Her brother was standing in front of the man, staring hard at him, and the handle of his knife was showing: his right hand was held ready near it. On the wooden slats of the trestle were a few of the big roots Mara had not seen for a long time now, bags of dried leaf, a few pieces of flat bread, a bowl of flour, and strips of dried meat. What meat? It did not smell: it was too dry.

Dann took out the brown garment they had examined on the hill that morning, and she saw the man’s eyes narrow as he peered at it.

‘Haven’t seen one of those for a bit,’ he said. ‘Have you come from the Rock Village? I didn’t know anyone was still alive.’

‘There isn’t now,’ said Dann. ‘So this is the last of these you’ll be seeing.’

‘You aren’t Rock People,’ the man said. What he was really saying was, You are Mahondis.

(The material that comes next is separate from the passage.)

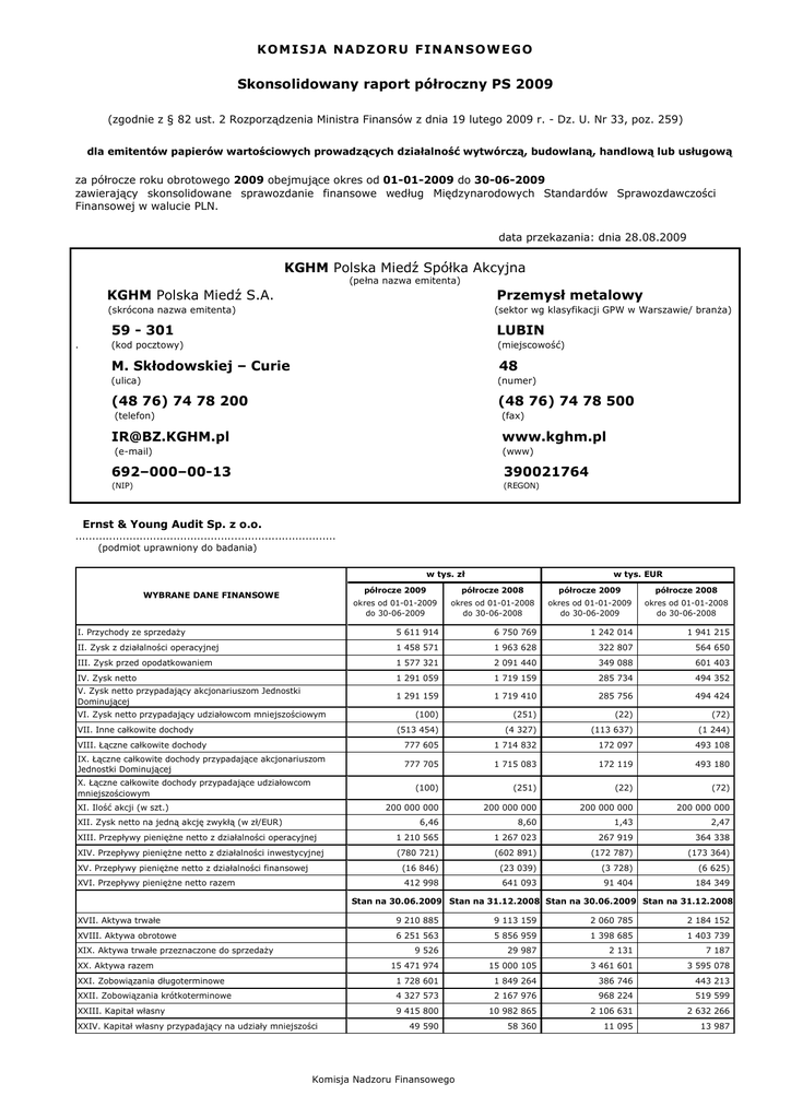 KOMISJA NADZORU FINANSOWEGO Skonsolidowany raport półroczny PS 2009 (zgodnie z § 82 ust. 2 Rozporządzenia Ministra Finansów z dnia 19 lutego 2009 r. - Dz. U. Nr 33, poz. 259) dla emitentów papierów wartościowych prowadzących działalność wytwórczą, budowlaną, handlową lub usługową za półrocze roku obrotowego 2009 obejmujące okres od 01-01-2009 do 30-06-2009 zawierający skonsolidowane sprawozdanie finansowe według Międzynarodowych Standardów Sprawozdawczości Finansowej w walucie PLN. data przekazania: dnia 28.08.2009 KGHM Polska Miedź Spółka Akcyjna (pełna nazwa emitenta) . KGHM Polska Miedź S.A. Przemysł metalowy (skrócona nazwa emitenta) (sektor wg klasyfikacji GPW w Warszawie/ branŜa) 59 - 301 LUBIN (kod pocztowy) (miejscowość) M. Skłodowskiej – Curie 48 (ulica) (numer) (48 76) 74 78 200 (48 76) 74 78 500 (telefon) (fax) [email protected] www.kghm.pl (e-mail) (www) 692–000–00-13 390021764 (NIP) (REGON) Ernst & Young Audit Sp. z o.o. ............................................................................. (podmiot uprawniony do badania) w tys. zł w tys. EUR półrocze 2009 półrocze 2008 półrocze 2009 półrocze 2008 okres od 01-01-2009 do 30-06-2009 okres od 01-01-2008 do 30-06-2008 okres od 01-01-2009 do 30-06-2009 okres od 01-01-2008 do 30-06-2008 I. Przychody ze sprzedaŜy 5 611 914 6 750 769 1 242 014 1 941 215 II. Zysk z działalności operacyjnej 1 458 571 1 963 628 322 807 564 650 III. Zysk przed opodatkowaniem 1 577 321 2 091 440 349 088 601 403 IV. Zysk netto 1 291 059 1 719 159 285 734 494 352 V. Zysk netto przypadający akcjonariuszom Jednostki Dominującej 1 291 159 1 719 410 285 756 494 424 WYBRANE DANE FINANSOWE VI. Zysk netto przypadający udziałowcom mniejszościowym (100) (251) (22) (72) (513 454) (4 327) (113 637) (1 244) VIII. Łączne całkowite dochody 777 605 1 714 832 172 097 493 108 IX. Łączne całkowite dochody przypadające akcjonariuszom Jednostki Dominującej 777 705 1 715 083 172 119 493 180 (100) (251) (22) (72) 200 000 000 200 000 000 200 000 000 200 000 000 6,46 8,60 1,43 2,47 XIII. Przepływy pienięŜne netto z działalności operacyjnej 1 210 565 1 267 023 267 919 364 338 XIV. Przepływy pienięŜne netto z działalności inwestycyjnej (173 364) VII. Inne całkowite dochody X. Łączne całkowite dochody przypadające udziałowcom mniejszościowym XI. Ilość akcji (w szt.) XII. Zysk netto na jedną akcję zwykłą (w zł/EUR) (780 721) (602 891) (172 787) XV. Przepływy pienięŜne netto z działalności finansowej (16 846) (23 039) (3 728) (6 625) XVI. Przepływy pienięŜne netto razem 412 998 641 093 91 404 184 349 Stan na 30.06.2009 Stan na 31.12.2008 Stan na 30.06.2009 Stan na 31.12.2008 XVII. Aktywa trwałe 9 210 885 9 113 159 2 060 785 2 184 152 XVIII. Aktywa obrotowe 6 251 563 5 856 959 1 398 685 1 403 739 9 526 29 987 2 131 7 187 15 471 974 15 000 105 3 461 601 3 595 078 XXI. Zobowiązania długoterminowe 1 728 601 1 849 264 386 746 443 213 XXII. Zobowiązania krótkoterminowe 4 327 573 2 167 976 968 224 519 599 XXIII. Kapitał własny 9 415 800 10 982 865 2 106 631 2 632 266 49 590 58 360 11 095 13 987 XIX. Aktywa trwałe przeznaczone do sprzedaŜy XX. Aktywa razem XXIV. Kapitał własny przypadający na udziały mniejszości Komisja Nadzoru Finansowego GRUPA KAPITAŁOWA KGHM POLSKA MIEDŹ S.A. RAPORT BIEGŁEGO REWIDENTA Z PRZEGLĄDU SPRAWOZDANIA FINANSOWEGO ZA I PÓŁROCZE 2009 ROKU Lubin, sierpień 2009 roku GRUPA KAPITAŁOWA KGHM POLSKA MIEDŹ S.A. OŚWIADCZENIE ZARZĄDU W SPRAWIE RZETELNOŚCI SPORZĄDZENIA SPRAWOZDANIA FINANSOWEGO Lubin, sierpień 2009 roku OŚWIADCZENIE ZARZĄDU KGHM POLSKA MIEDŹ S.A. W SPRAWIE RZETELNOŚCI SPORZĄDZENIA SKONSOLIDOWANEGO SPRAWOZDANIA FINANSOWEGO Według naszej najlepszej wiedzy półroczne skonsolidowane sprawozdanie finansowe i dane porównywalne sporządzone zostały zgodnie z obowiązującymi zasadami rachunkowości, odzwierciedlają w sposób prawdziwy, rzetelny i jasny sytuację majątkową i finansową Grupy Kapitałowej KGHM Polska Miedź S.A. oraz wynik finansowy Grupy Kapitałowej. Półroczne sprawozdanie z działalności Grupy Kapitałowej zawiera prawdziwy obraz rozwoju i osiągnięć oraz sytuacji Grupy Kapitałowej KGHM Polska Miedź S.A., w tym opis podstawowych zagroŜeń i ryzyka. Podpisy Podpisy wszystkich Członków Zarządu Data Imię i Nazwisko 25.08.2009 r. Herbert Wirth 25.08.2009 r. Maciej Tybura 25.08.2009 r. Ryszard Janeczek Stanowisko /Funkcja Prezes Zarządu I Wiceprezes Zarządu Wiceprezes Zarządu Podpis GRUPA KAPITAŁOWA KGHM POLSKA MIEDŹ S.A. OŚWIADCZENIE ZARZĄDU W SPRAWIE PODMIOTU UPRAWNIONEGO DO BADANIA SPRAWOZDAŃ FINANSOWYCH Lubin, sierpień 2009 roku OŚWIADCZENIE ZARZĄDU KGHM POLSKA MIEDŹ S.A. W UPRAWNIONEGO DO BADANIA SPRAWOZDAŃ FINANSOWYCH SPRAWIE PODMIOTU Podmiot uprawniony do badania sprawozdań finansowych, dokonujący przeglądu półrocznego skonsolidowanego sprawozdania finansowego, został wybrany zgodnie z przepisami prawa. Podmiot ten oraz biegli rewidenci dokonujący tego przeglądu spełnili warunki do wydania bezstronnego i niezaleŜnego raportu z przeglądu, zgodnie z obowiązującymi przepisami i normami zawodowymi. Podpisy Podpisy wszystkich Członków Zarządu Data Imię i Nazwisko 25.08.2009 r. Herbert Wirth 25.08.2009 r. Maciej Tybura 25.08.2009 r. Ryszard Janeczek Stanowisko /Funkcja Prezes Zarządu I Wiceprezes Zarządu Wiceprezes Zarządu Podpis GRUPA KAPITAŁOWA KGHM POLSKA MIEDŹ S.A. SKONSOLIDOWANE SPRAWOZDANIE FINANSOWE ZA I PÓŁROCZE 2009 ROKU Lubin, sierpień 2009 roku Grupa Kapitałowa KGHM Polska Miedź S.A. Półroczne skonsolidowane sprawozdanie finansowe sporządzone według MSSF zatwierdzonych przez Unię Europejską za okres od 1 stycznia 2009 r. do 30 czerwca 2009 r. (kwoty w tabelach wyraŜone są w tys. złotych, o ile nie podano inaczej) Spis treści do skonsolidowanego sprawozdania finansowego Nota Skonsolidowane sprawozdanie z sytuacji finansowej Strona 3 Skonsol

Dann ignored that and asked, ‘What will you give me for this?’ He held tight to one end of the tunic.

The man looked steadily into Dann’s face, his teeth bared, and put on the board, one after another in front of Dann, six of the food fruits. He added a bag of dried leaf, but Dann shook his head and the bag was put back beside the other bags. A pile of the flat bread – Dann nodded. And waited. The two men stood glaring at each other. Mara thought they were like two animals about to attack each other. Past the man’s shoulder lay the dragon, apparently asleep. It was only a few paces away.

‘Water,’ said Dann.

The man lifted on to the board a jar of yellowish water. Dann slid their two cans off the pole, and was topping them up with water from the jar when the man said, ‘I’ll take those cans.’ Dann did not respond, went on pouring. ‘I’ll give you these dried fruits for them.’

Under the trestle was a sack full of dried fruits. Dann shook his head, put the cans back on the pole, where they swung between him and his sister.

‘We need more for this tunic,’ he said. ‘Matches?’

The man sneered, then laughed. ‘I’ll give you a bundle of matches for the two cans.’

‘Forget it,’ said Dann. ‘Have you got candles?’

The man produced some stumps of candle. At Dann’s nod, he laid them beside the big fruits and the bread.

The two glared at each other again. Mara thought that if it came to a fight Dann would win, because this man was as thin as a sick lizard and his hair had the flattened, lifeless look – pale, fuzzy hair. Starving children’s hair sometimes looked like that.

‘More bread,’ said Dann.

The man counted out from his pile one, two, three, four, five, six pieces of bread and pushed them forward.

And to Mara’s surprise, Dann let go the end of the garment and the man snatched it up, held it up, gloated. Mara thought, Something I’ve worn for years and years – it is worth some food fruits, a little water, and some bread. And stumps of candle.

‘Have you got another?’ asked the man, carefully pushing the garment into a sack and tying it tight.